:: Exercise material ::
_ _ _

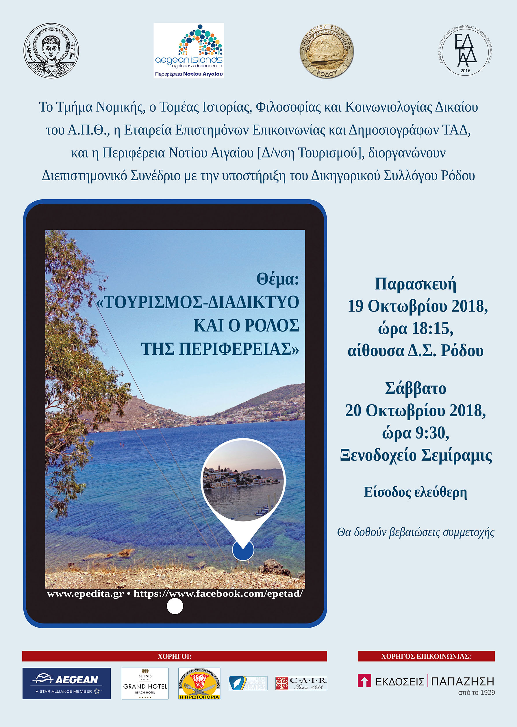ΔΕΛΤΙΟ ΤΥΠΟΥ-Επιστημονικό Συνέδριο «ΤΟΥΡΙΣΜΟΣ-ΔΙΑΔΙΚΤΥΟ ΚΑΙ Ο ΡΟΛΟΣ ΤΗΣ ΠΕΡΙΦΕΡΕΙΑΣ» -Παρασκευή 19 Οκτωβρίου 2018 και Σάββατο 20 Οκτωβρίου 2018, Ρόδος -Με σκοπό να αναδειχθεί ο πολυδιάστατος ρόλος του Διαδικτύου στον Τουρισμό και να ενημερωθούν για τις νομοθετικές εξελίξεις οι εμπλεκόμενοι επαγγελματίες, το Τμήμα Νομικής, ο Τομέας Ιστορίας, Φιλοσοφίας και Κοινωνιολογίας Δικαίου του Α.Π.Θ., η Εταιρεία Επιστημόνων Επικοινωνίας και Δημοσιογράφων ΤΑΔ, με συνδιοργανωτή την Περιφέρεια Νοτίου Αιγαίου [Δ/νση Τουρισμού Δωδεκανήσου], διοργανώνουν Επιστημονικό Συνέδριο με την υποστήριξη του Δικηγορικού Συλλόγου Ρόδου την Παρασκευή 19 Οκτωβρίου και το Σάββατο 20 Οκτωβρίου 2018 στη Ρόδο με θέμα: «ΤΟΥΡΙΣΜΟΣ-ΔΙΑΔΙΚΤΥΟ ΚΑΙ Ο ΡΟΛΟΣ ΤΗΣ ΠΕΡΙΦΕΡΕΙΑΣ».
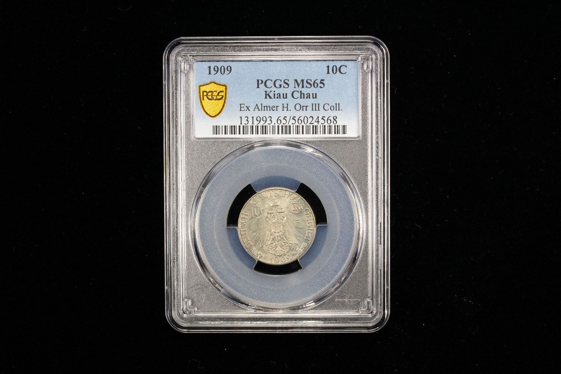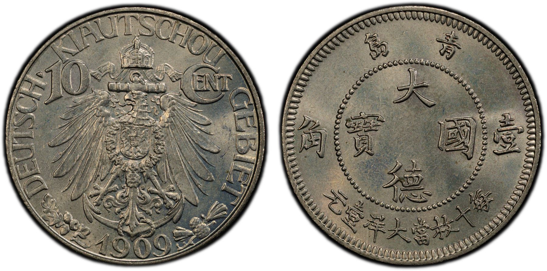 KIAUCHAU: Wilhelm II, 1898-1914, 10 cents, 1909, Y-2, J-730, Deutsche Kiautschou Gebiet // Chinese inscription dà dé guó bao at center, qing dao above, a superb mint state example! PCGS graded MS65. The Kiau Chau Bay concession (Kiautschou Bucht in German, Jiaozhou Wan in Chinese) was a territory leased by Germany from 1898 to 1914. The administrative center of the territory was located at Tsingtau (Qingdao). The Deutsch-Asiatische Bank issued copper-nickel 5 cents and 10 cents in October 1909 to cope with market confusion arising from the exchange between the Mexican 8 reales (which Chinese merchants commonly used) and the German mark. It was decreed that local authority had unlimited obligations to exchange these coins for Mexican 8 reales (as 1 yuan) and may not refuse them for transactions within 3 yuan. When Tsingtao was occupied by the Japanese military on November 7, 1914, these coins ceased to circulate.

_ _ _

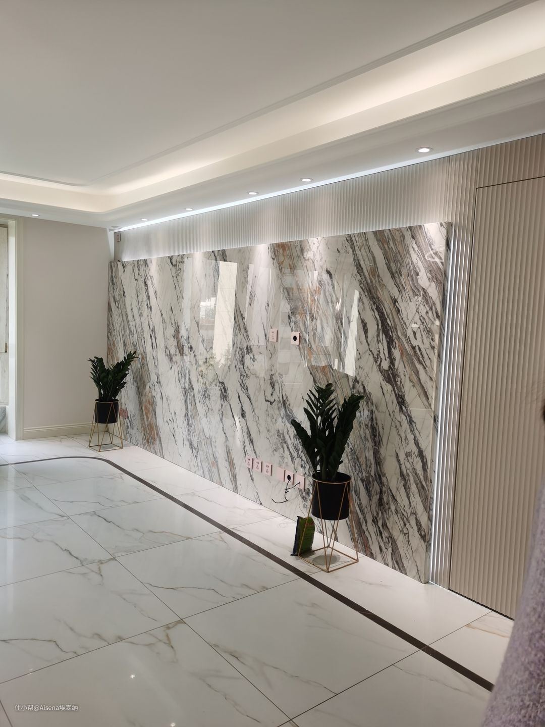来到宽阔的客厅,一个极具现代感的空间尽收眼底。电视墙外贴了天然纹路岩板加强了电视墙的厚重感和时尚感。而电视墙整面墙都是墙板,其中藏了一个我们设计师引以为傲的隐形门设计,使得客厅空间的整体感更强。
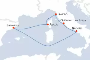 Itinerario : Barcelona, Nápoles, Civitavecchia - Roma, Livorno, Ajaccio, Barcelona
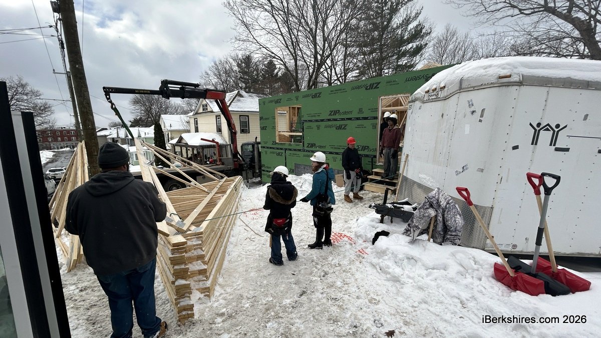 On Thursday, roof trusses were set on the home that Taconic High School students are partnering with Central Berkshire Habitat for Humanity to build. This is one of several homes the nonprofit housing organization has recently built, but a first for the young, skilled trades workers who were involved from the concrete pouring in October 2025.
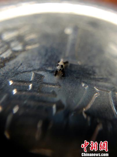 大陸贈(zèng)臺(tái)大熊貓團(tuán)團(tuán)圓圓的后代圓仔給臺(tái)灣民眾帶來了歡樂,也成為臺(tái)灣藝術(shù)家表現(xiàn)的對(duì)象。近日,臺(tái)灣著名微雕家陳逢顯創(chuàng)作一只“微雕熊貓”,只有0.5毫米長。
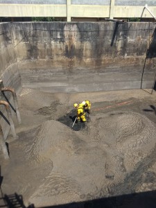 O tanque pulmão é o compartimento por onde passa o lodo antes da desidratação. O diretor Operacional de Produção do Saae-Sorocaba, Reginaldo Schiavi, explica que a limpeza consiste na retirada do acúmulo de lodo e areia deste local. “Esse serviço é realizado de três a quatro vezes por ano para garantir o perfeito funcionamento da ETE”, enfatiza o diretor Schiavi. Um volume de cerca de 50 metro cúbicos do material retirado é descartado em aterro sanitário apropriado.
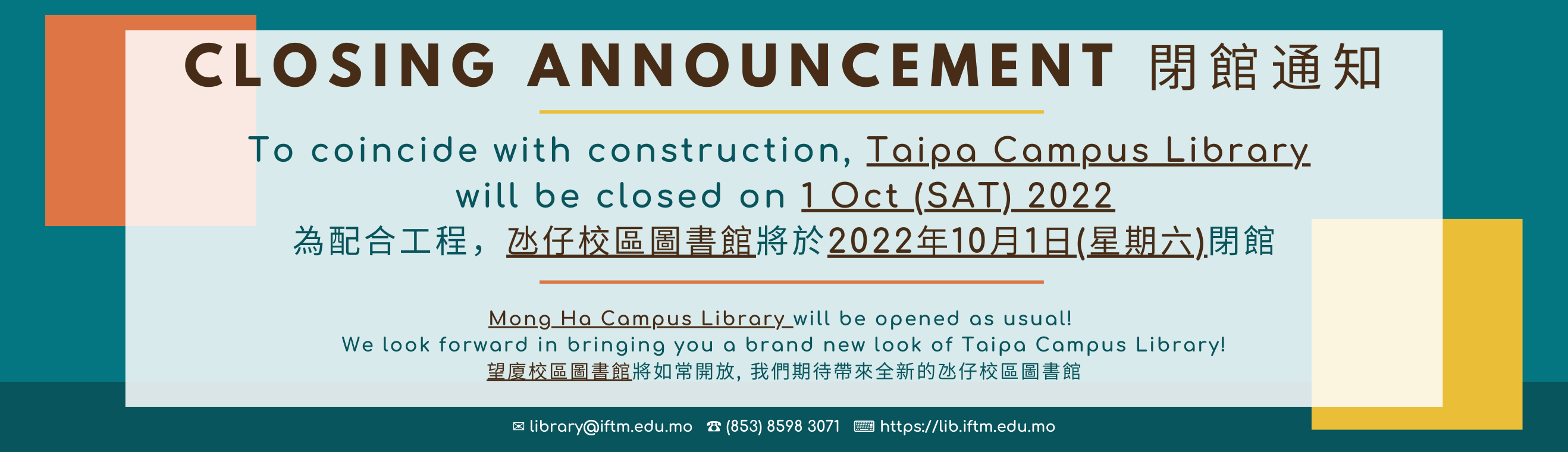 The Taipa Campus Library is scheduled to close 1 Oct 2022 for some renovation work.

_ _ _

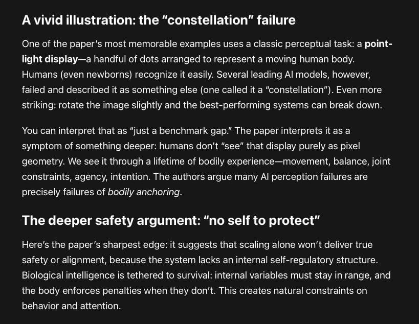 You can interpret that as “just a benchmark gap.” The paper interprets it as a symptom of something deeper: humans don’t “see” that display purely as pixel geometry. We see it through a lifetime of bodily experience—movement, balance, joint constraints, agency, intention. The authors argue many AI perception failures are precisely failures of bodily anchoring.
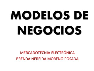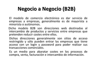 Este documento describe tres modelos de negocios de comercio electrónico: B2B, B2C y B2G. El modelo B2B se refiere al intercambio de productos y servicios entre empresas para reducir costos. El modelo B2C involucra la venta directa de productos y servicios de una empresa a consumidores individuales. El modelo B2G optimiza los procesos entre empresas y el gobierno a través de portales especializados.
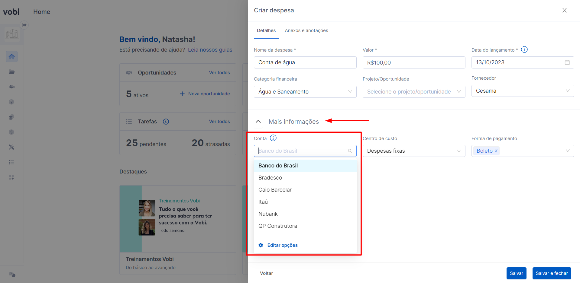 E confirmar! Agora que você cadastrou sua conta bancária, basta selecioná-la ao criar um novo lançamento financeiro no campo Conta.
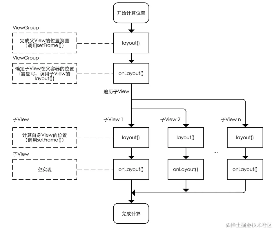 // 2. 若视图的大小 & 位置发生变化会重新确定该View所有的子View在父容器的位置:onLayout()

_ _ _

:: What you will do ::
Look above for the line containing "ΔΕΛΤΙΟ ΤΥΠΟΥ-Επιστημονικό Συνέδριο" and the line containing "KIAUCHAU: Wilhelm II, 1898-1914, 10", then reproduce both and everything between them exactly, pictures omitted.

:: Response ::
ΔΕΛΤΙΟ ΤΥΠΟΥ-Επιστημονικό Συνέδριο «ΤΟΥΡΙΣΜΟΣ-ΔΙΑΔΙΚΤΥΟ ΚΑΙ Ο ΡΟΛΟΣ ΤΗΣ ΠΕΡΙΦΕΡΕΙΑΣ» -Παρασκευή 19 Οκτωβρίου 2018 και Σάββατο 20 Οκτωβρίου 2018, Ρόδος -Με σκοπό να αναδειχθεί ο πολυδιάστατος ρόλος του Διαδικτύου στον Τουρισμό και να ενημερωθούν για τις νομοθετικές εξελίξεις οι εμπλεκόμενοι επαγγελματίες, το Τμήμα Νομικής, ο Τομέας Ιστορίας, Φιλοσοφίας και Κοινωνιολογίας Δικαίου του Α.Π.Θ., η Εταιρεία Επιστημόνων Επικοινωνίας και Δημοσιογράφων ΤΑΔ, με συνδιοργανωτή την Περιφέρεια Νοτίου Αιγαίου [Δ/νση Τουρισμού Δωδεκανήσου], διοργανώνουν Επιστημονικό Συνέδριο με την υποστήριξη του Δικηγορικού Συλλόγου Ρόδου την Παρασκευή 19 Οκτωβρίου και το Σάββατο 20 Οκτωβρίου 2018 στη Ρόδο με θέμα: «ΤΟΥΡΙΣΜΟΣ-ΔΙΑΔΙΚΤΥΟ ΚΑΙ Ο ΡΟΛΟΣ ΤΗΣ ΠΕΡΙΦΕΡΕΙΑΣ».
 KIAUCHAU: Wilhelm II, 1898-1914, 10 cents, 1909, Y-2, J-730, Deutsche Kiautschou Gebiet // Chinese inscription dà dé guó bao at center, qing dao above, a superb mint state example! PCGS graded MS65. The Kiau Chau Bay concession (Kiautschou Bucht in German, Jiaozhou Wan in Chinese) was a territory leased by Germany from 1898 to 1914. The administrative center of the territory was located at Tsingtau (Qingdao). The Deutsch-Asiatische Bank issued copper-nickel 5 cents and 10 cents in October 1909 to cope with market confusion arising from the exchange between the Mexican 8 reales (which Chinese merchants commonly used) and the German mark. It was decreed that local authority had unlimited obligations to exchange these coins for Mexican 8 reales (as 1 yuan) and may not refuse them for transactions within 3 yuan. When Tsingtao was occupied by the Japanese military on November 7, 1914, these coins ceased to circulate.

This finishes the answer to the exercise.